First, the extension's subdomain allowlist (CWE-346: Origin Validation Error) granted implicit trust to all subdomains under claude.ai, including a-cdn.claude.ai, an endpoint controlled by the third-party Arkose Labs CAPTCHA service.
Second, a DOM-based XSS flaw (CWE-79) in the Arkose Labs component at a-cdn.claude.ai allowed attacker-controlled pages to inject arbitrary JavaScript into that trusted context.
Combined, these flaws enabled indirect prompt injection (MITRE T1059.007, T1534): a malicious page could deliver arbitrary prompts to the Claude assistant without user interaction. Downstream risks include session token theft (T1539), browser session hijacking (T1185), and unauthorized autonomous actions on behalf of the victim (T1557). CWE-20 (Input Validation) and CWE-693 (Protection Mechanism Failure) are also mapped. The Arkose Labs XSS was independently resolved on 2026-02-19. No CVE identifier has been confirmed for this vulnerability. CVSS base score is assessed at 7.5 (High). EPSS data is not available. The item is not listed in the CISA KEV catalog.

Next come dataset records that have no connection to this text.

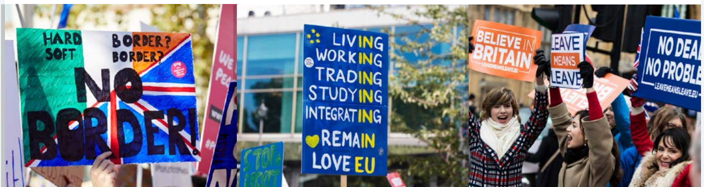
Brexit has divided public opinion in the UK and sparked fears about its impact on Northern Ireland.
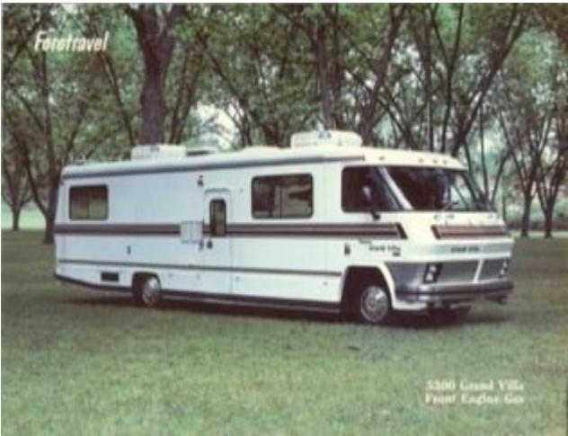
1988 3300 Front Gas Poster
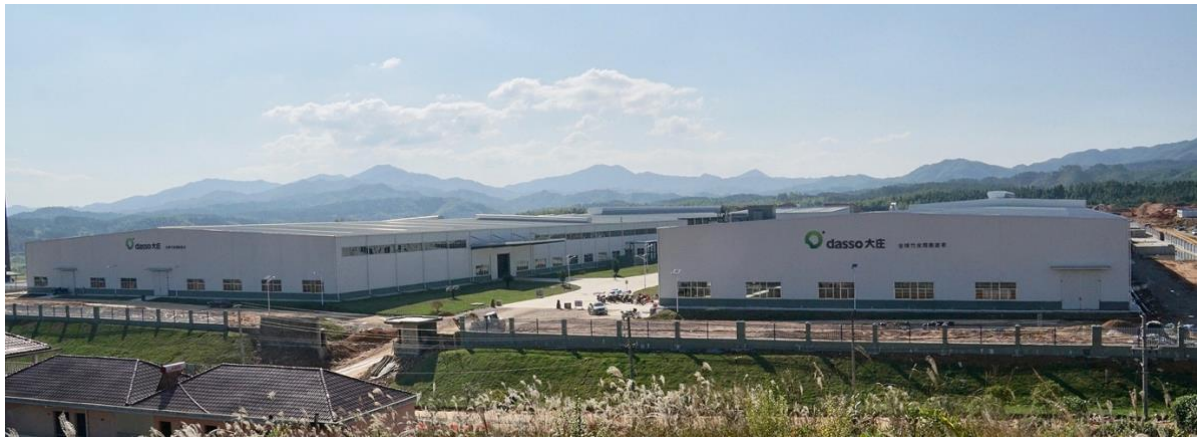
Figure 1 dasso factory in Jiangxi, China

dasso has now 8 manufacturing facilities and over 1000 employees, in addition to owning over 2,700 hectares of productive, sustainable bamboo forest in China. Besides, dasso has also established an independent R&D team with 50 people for product optimization and innovation. Up until now, 65 authorized patents, 24 innovative patents and 13 international patents have been acquired by dasso.
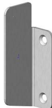
SIDE TABLE BRACKET LEFT 100-2253
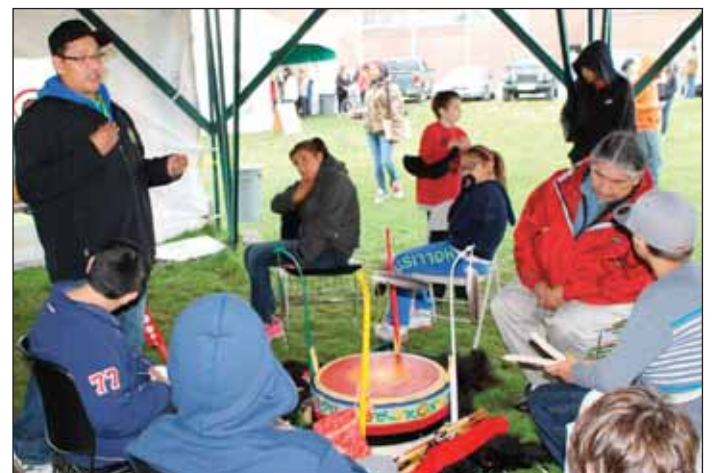
Traditional drumming is used for healing and learning.
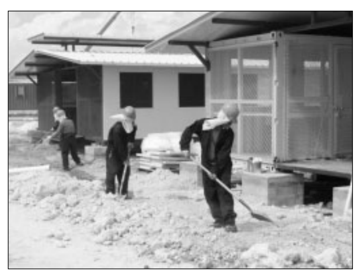
Camp Delta, Guantanamo Bay, Cuba.

Halliburton officials say they immediately told the Pentagon about the problem. "Halliburton internal auditors found the irregularity, which is a violation of our company's philosophy, policy, and our code of ethics," a Halliburton spokeswoman said. "We found it quickly, and we immediately reported it to the inspector general. We do not tolerate this kind of behavior by anyone at any level in any Halliburton company." Around the same time, a new problem surfaced: A previously undisclosed memo from a branch office of the Defense Contract Audit Agency labeled as "inadequate" Halliburton's system for accurately estimating the cost of ongoing work. The memo was sent to various Army contracting officials, and Pentagon officials said they subsequently rejected two huge proposed bills from Halliburton—including one for $2.7 billion because of myriad "deficiencies." 23In a briefing to Congress last February, GAO officials described a lack of sufficient government oversight of the Halliburton contract. Some of the monitoring was conducted by military reservists with only two weeks' training, and one $587-million contract had been approved in 10 minutes based on only six pages of documentation. In another case, the GAO reported that Halliburton was
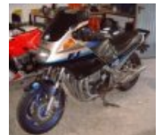
3XW and friend !
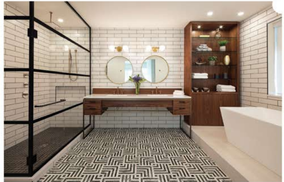
Builder: TQ Construction.

Ovation Awards reflect today's housing market and trends, with multiple categories for kitchen and bath renovations (under $35,000; under $75,000; over $125,000 etc). Great room renovations get a nod too, as do exterior and overall renovations from under $200,000 to over $1 million. New home and design categories are prominent, including custom homes valued at $1, $2 and $3 million, along with outdoor living spaces, special features, innovations and high-performance building science.
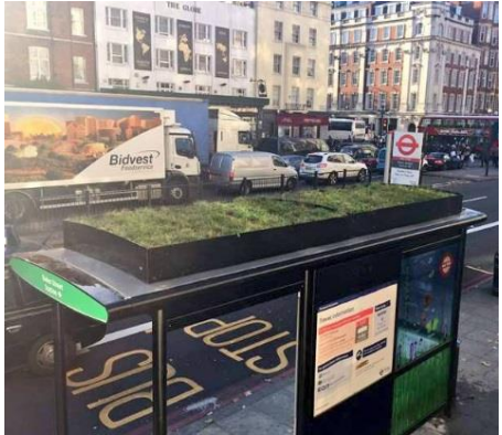
Keep off the grass! TfL's new 'buzzstop'

"We welcome you to visit and post photos and feedback about this new feature on social media using the hashtag #Buzzstop."
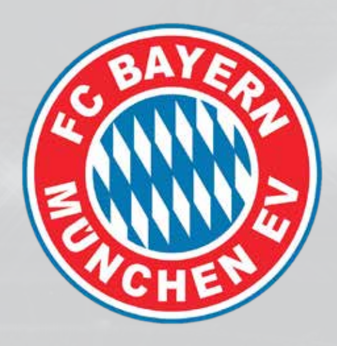
FC Bayern Line-up
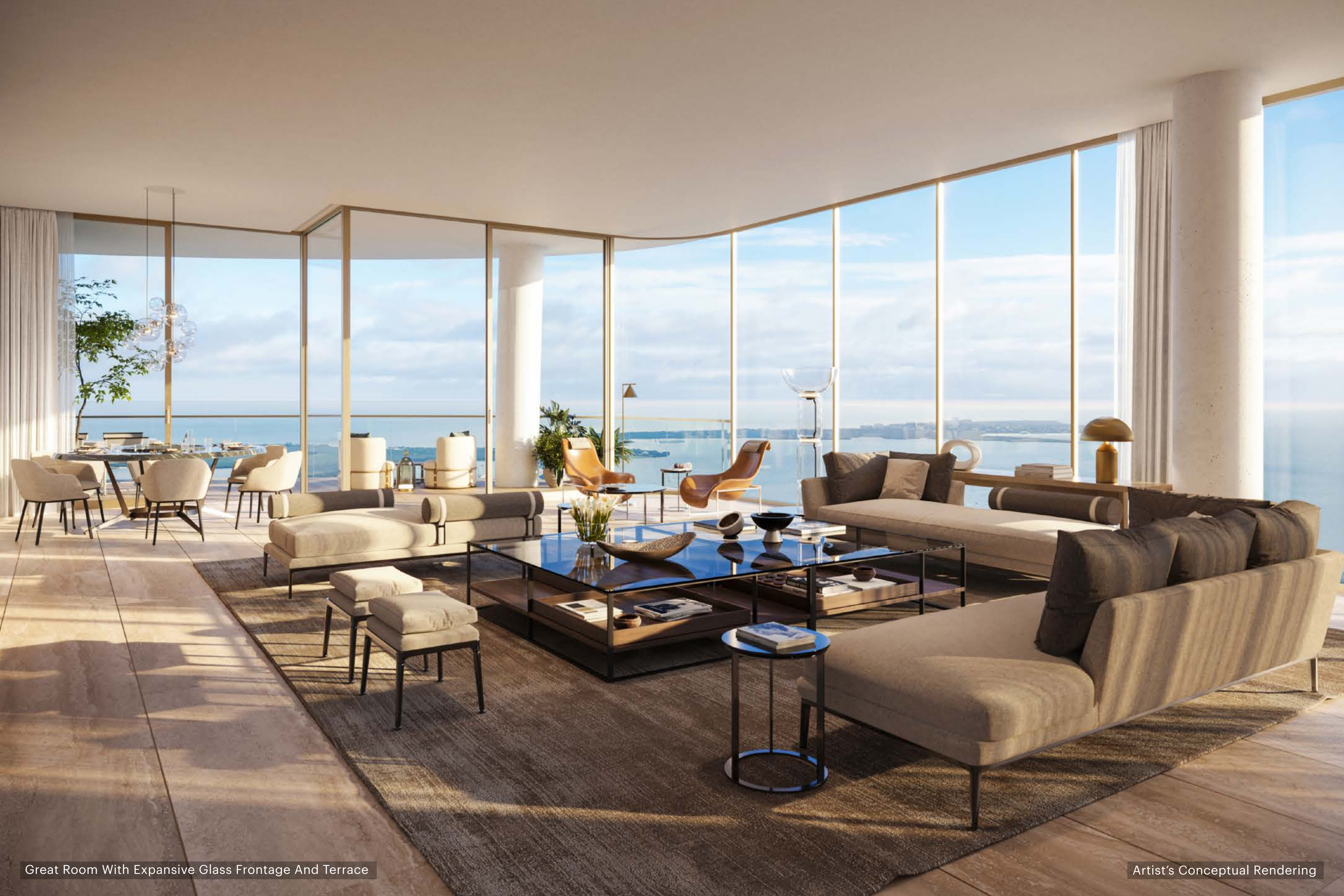
Great Room With Expansive Glass Frontage And Terrace
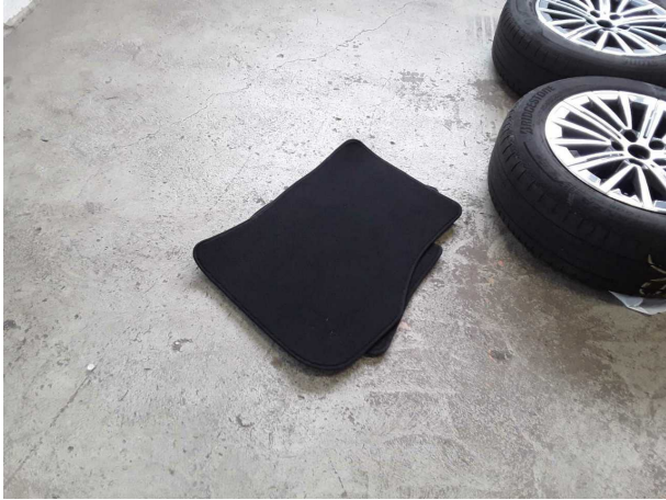
Figure 13: Misc.

Action Checklist IR ENRICHED
Triage Priority:
URGENT
Escalate immediately to CISO and legal/privacy counsel if proxy or DNS logs confirm any endpoint loaded content from a-cdn.claude.ai during the 2025-12-27 through v1.0.41 deployment exposure window AND Claude conversation history shows anomalous outputs, credential-related prompts, or autonomous actions not initiated by the user — this combination indicates confirmed exploitation and may trigger breach notification obligations under GDPR, CCPA, or HIPAA depending on data types accessible via the compromised Claude sessions.
Step 1: Containment. Immediately verify that all enterprise endpoints running the Claude Chrome Extension are on v1.0.41 or later. If any instances remain on earlier versions, disable the extension via Chrome policy (ExtensionInstallBlocklist or managed browser controls) until patching is confirmed. Verify via Chrome Management console or MDM query to confirm v1.0.41 deployment; do not assume silent update completed.
Containment
NIST 800-61r3 §3.3 — Containment Strategy: short-term containment to stop further damage before eradication is complete
NIST IR-4 (Incident Handling)
NIST CM-7 (Least Functionality) — restrict browser extension execution to approved, versioned software only
CIS 2.2 (Ensure Authorized Software is Currently Supported)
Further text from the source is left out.